下一个示例更现实。它搜索股价连续上涨一天或多天,然后连续下跌一天或多天的模式。由于输出可能相当大,因此使用排除语法,仅显示股票上涨的第一天(如果连续上涨超过一天)和下跌的第一天(如果连续下跌超过一天)。模式如下所示:

PATTERN(LESS_THAN_45 UP {- UP* -} DOWN {- DOWN* -})

此模式按顺序查找以下事件:

  • 起始价格低于 45。
  • UP,可能紧随其后的是输出中未包含的其他内容。
  • DOWN,可能紧随其后的是输出中未包含的其他内容。

下面是上述模式版本在使用排除语法和不使用排除语法时的代码和输出:

SELECT company, price_date, price
    FROM stock_price_history
       MATCH_RECOGNIZE (
           PARTITION BY company
           ORDER BY price_date
           ALL ROWS PER MATCH
           PATTERN ( LESS_THAN_45 UP UP* DOWN DOWN* )
           DEFINE
               LESS_THAN_45 AS price < 45.00,
               UP   AS price > LAG(price),
               DOWN AS price < LAG(price)
           )
    WHERE company = 'XYZ'
    ORDER BY price_date;
+---------+------------+-------+
| COMPANY | PRICE_DATE | PRICE |
|---------+------------+-------|
| XYZ     | 2020-10-02 |    24 |
| XYZ     | 2020-10-03 |    37 |
| XYZ     | 2020-10-04 |    63 |
| XYZ     | 2020-10-05 |    65 |
| XYZ     | 2020-10-06 |    56 |
| XYZ     | 2020-10-07 |    50 |
+---------+------------+-------+
SELECT company, price_date, price
    FROM stock_price_history
       MATCH_RECOGNIZE (
           PARTITION BY company
           ORDER BY price_date
           ALL ROWS PER MATCH
           PATTERN ( {- LESS_THAN_45 -}  UP  {- UP* -}  DOWN  {- DOWN* -} )
           DEFINE
               LESS_THAN_45 AS price < 45.00,
               UP   AS price > LAG(price),
               DOWN AS price < LAG(price)
           )
    WHERE company = 'XYZ'
    ORDER BY price_date;
+---------+------------+-------+
| COMPANY | PRICE_DATE | PRICE |
|---------+------------+-------|
| XYZ     | 2020-10-03 |    37 |
+---------+------------+-------+

返回有关匹配的信息

基本匹配信息

In many cases, you want your query to list not only information from the table that contains the data, but also information about the patterns that were found.

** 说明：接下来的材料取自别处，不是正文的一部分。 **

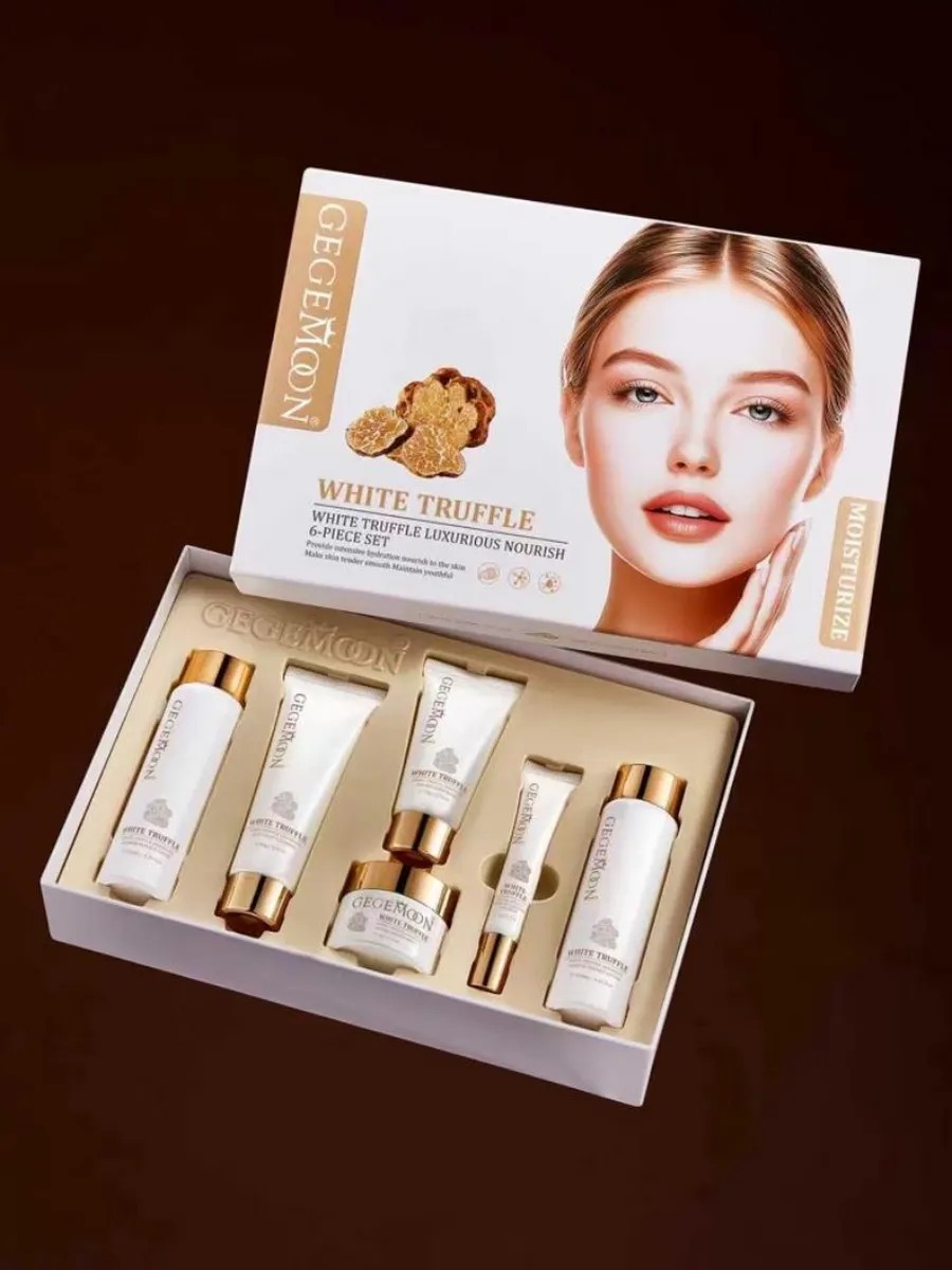 A gift set of facial care cosmetics with white truffle ANTI-AGE from the GEGEMOON brand - products for daily use in a beautiful beauty box. The care set consists of 6 items: cleansing milk (80g), facial toner (120ml), lotion (120ml), night mask (50g), eye cream (20ml), facial cream-essence (50g). Beauty box cosmetics for women's facial care - a gift for a friend, wife, girlfriend, mother, sister, or woman for a birthday. This premium cosmetics set is an excellent gift for a birthday, anniversary, or March 8th. The products have antioxidant properties, stimulate collagen and elastin synthesis, fight age-related changes, and also have an anti-inflammatory effect, relieve irritation and protect against harmful environmental effects. Centella asiatica, verbena, rosemary and other active nutritional ingredients. The products in the set complement each other to ensure optimal skincare results at home, with the same results as a visit to a cosmetologist. The facial care products are premium and of high quality. Korean ingredients and patented technologies.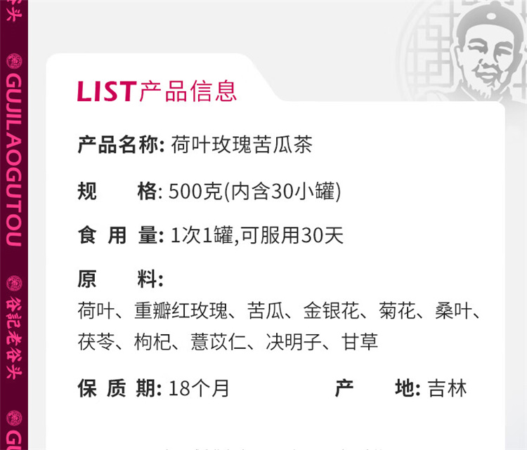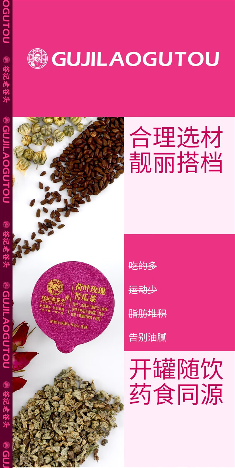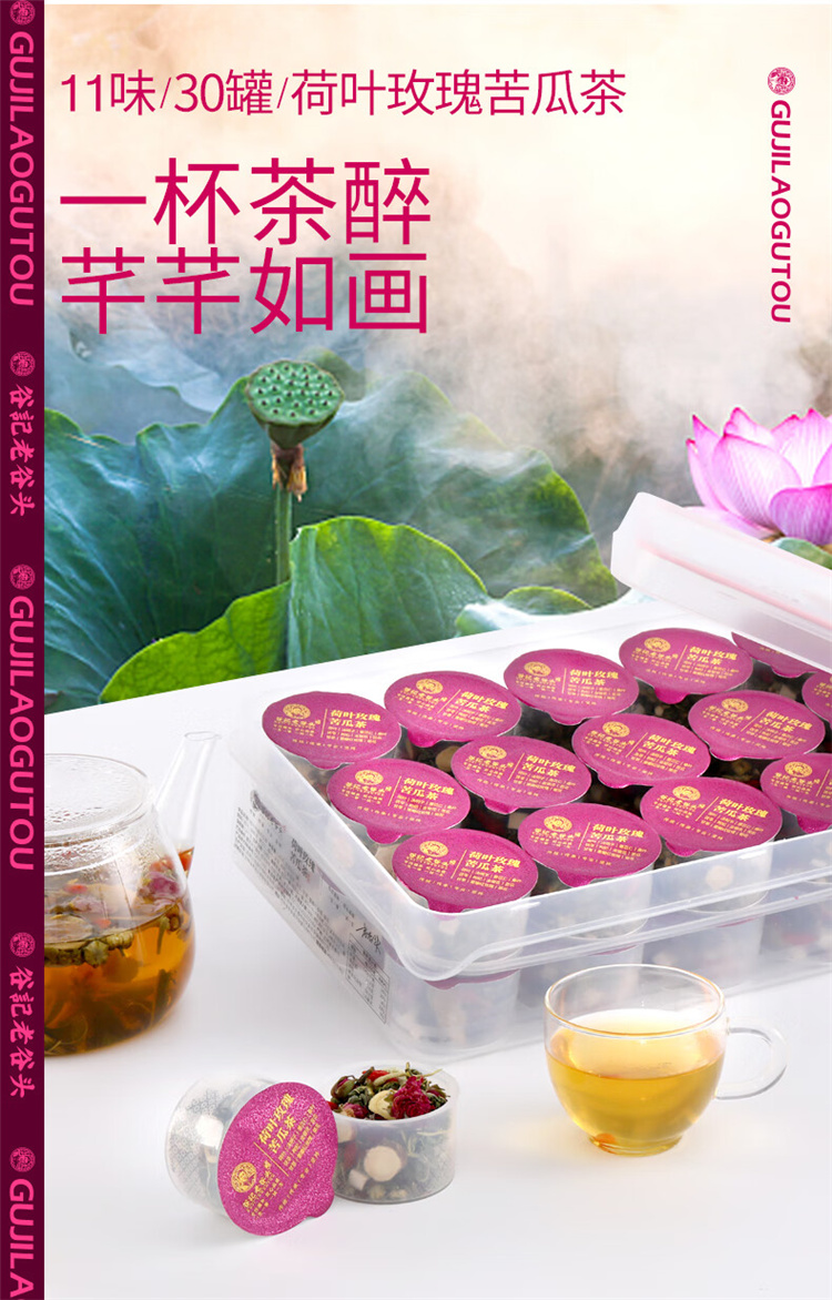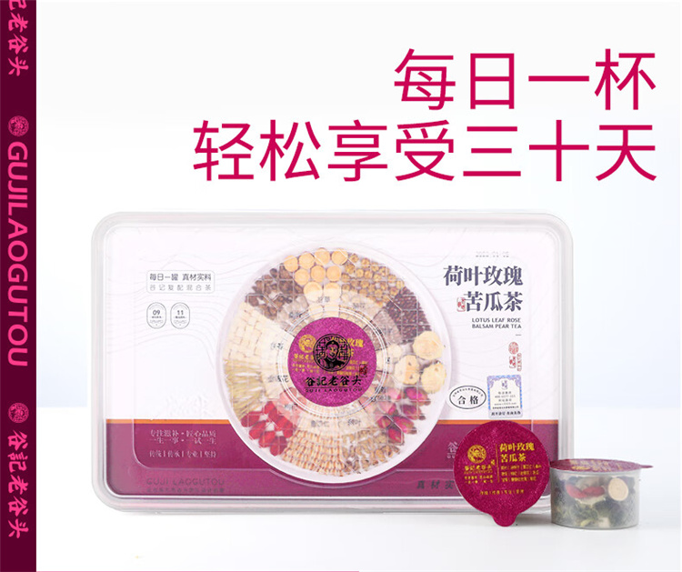 谷记老谷头 荷叶玫瑰苦瓜茶500g(内含30罐)盒

When you want information about the matches themselves, you specify that information in the MEASURES clause.

The MEASURES clause can include the following functions, which are specific to MATCH_RECOGNIZE:

  • MATCH_NUMBER(): Each time a match is found, it is assigned a sequential match number, starting from one. This function returns that match number.
  • MATCH_SEQUENCE_NUMBER(): Because a pattern usually involves more than one data point, you might want to know which data point is associated with each value from the table. This function returns the sequential number of the data point within the match.
  • CLASSIFIER(): The classifier is the name of the pattern variable that the row matched.

The query below includes a MEASURES clause with the match number, match sequence number, and classifier.

SELECT company, price_date, price,
       "Match #", "Match Sequence #", "Symbol Matched"
    FROM stock_price_history
       MATCH_RECOGNIZE (
           PARTITION BY company
           ORDER BY price_date
           MEASURES
               MATCH_NUMBER() AS "Match #",
               MATCH_SEQUENCE_NUMBER() AS "Match Sequence #",
               CLASSIFIER AS "Symbol Matched"
           ALL ROWS PER MATCH
           PATTERN (LESS_THAN_45 DECREASED_10_PERCENT INCREASED_05_PERCENT)
           DEFINE
               LESS_THAN_45 AS price < 45.00,
               DECREASED_10_PERCENT AS LAG(price) * 0.90 >= price,
               INCREASED_05_PERCENT AS LAG(price) * 1.05 <= price
           )
    ORDER BY company, "Match #", "Match Sequence #";
+---------+------------+-------+---------+------------------+----------------------+
| COMPANY | PRICE_DATE | PRICE | Match # | Match Sequence # | Symbol Matched       |
|---------+------------+-------+---------+------------------+----------------------|
| ABCD    | 2020-10-04 |    42 |       1 |                1 | LESS_THAN_45         |
| ABCD    | 2020-10-05 |    30 |       1 |                2 | DECREASED_10_PERCENT |
| ABCD    | 2020-10-06 |    47 |       1 |                3 | INCREASED_05_PERCENT |
+---------+------------+-------+---------+------------------+----------------------+

The MEASURES subclause can produce much more information than this. For more details, see the MATCH_RECOGNIZE reference documentation.

窗口、窗口框架和导航函数

The MATCH_RECOGNIZE clause operates on a “window” of rows. If the MATCH_RECOGNIZE contains a PARTITION subclause, then each partition is one window. If there is no PARTITION subclause, then the entire input is one window.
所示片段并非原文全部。